* **Data for the task**

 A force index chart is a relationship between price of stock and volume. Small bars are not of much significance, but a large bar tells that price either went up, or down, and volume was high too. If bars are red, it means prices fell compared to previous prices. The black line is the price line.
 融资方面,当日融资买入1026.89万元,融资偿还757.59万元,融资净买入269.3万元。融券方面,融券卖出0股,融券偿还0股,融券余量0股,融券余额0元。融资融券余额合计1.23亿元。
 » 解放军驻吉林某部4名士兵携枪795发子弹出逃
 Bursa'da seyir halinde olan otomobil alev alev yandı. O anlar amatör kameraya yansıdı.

...

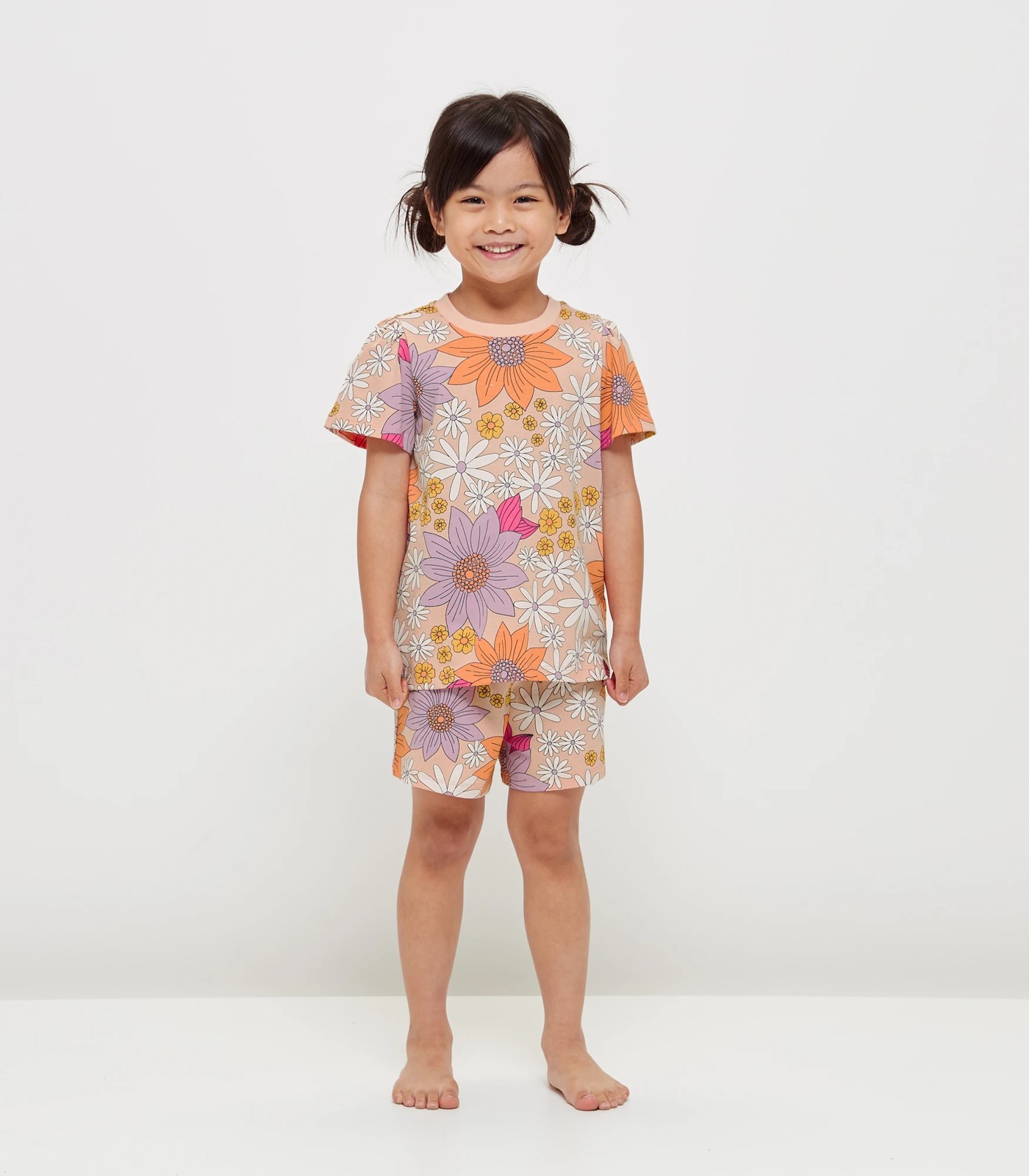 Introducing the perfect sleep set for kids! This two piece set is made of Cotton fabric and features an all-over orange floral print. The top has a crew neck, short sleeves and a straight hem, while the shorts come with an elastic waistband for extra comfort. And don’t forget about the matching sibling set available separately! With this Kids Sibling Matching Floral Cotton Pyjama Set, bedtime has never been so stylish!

...

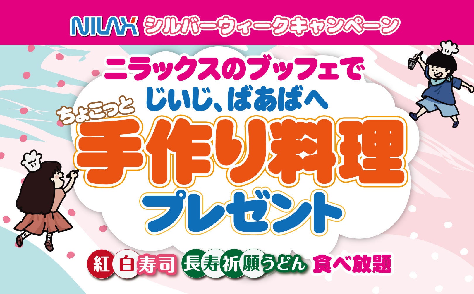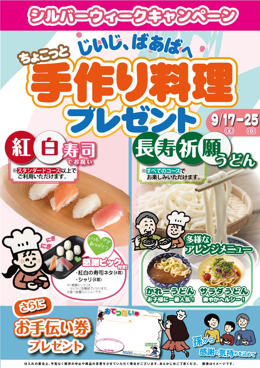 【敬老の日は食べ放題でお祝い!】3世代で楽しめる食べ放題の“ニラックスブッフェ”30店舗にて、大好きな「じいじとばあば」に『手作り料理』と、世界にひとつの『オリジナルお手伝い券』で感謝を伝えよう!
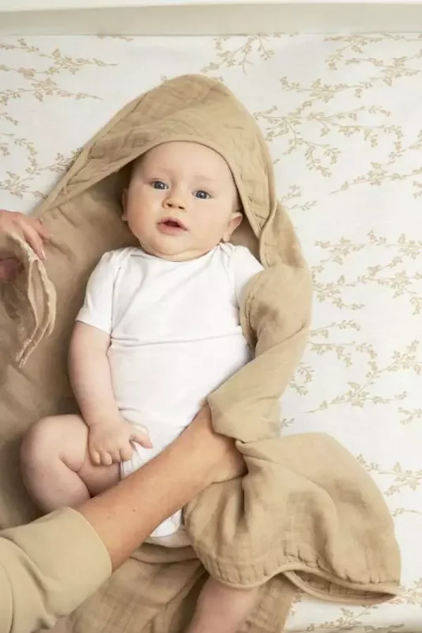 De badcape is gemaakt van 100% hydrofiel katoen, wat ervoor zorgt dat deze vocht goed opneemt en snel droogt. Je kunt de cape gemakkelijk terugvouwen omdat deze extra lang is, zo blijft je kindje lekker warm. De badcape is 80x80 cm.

* **Exercise goal**
Of the entries above, transcribe exactly those lines that fall between the line containing "融资方面,当日融资买入102" and the line containing "Bursa'da seyir halinde", together with those two lines.

* **Reply to the task**
 融资方面,当日融资买入1026.89万元,融资偿还757.59万元,融资净买入269.3万元。融券方面,融券卖出0股,融券偿还0股,融券余量0股,融券余额0元。融资融券余额合计1.23亿元。
 » 解放军驻吉林某部4名士兵携枪795发子弹出逃
 Bursa'da seyir halinde olan otomobil alev alev yandı. O anlar amatör kameraya yansıdı.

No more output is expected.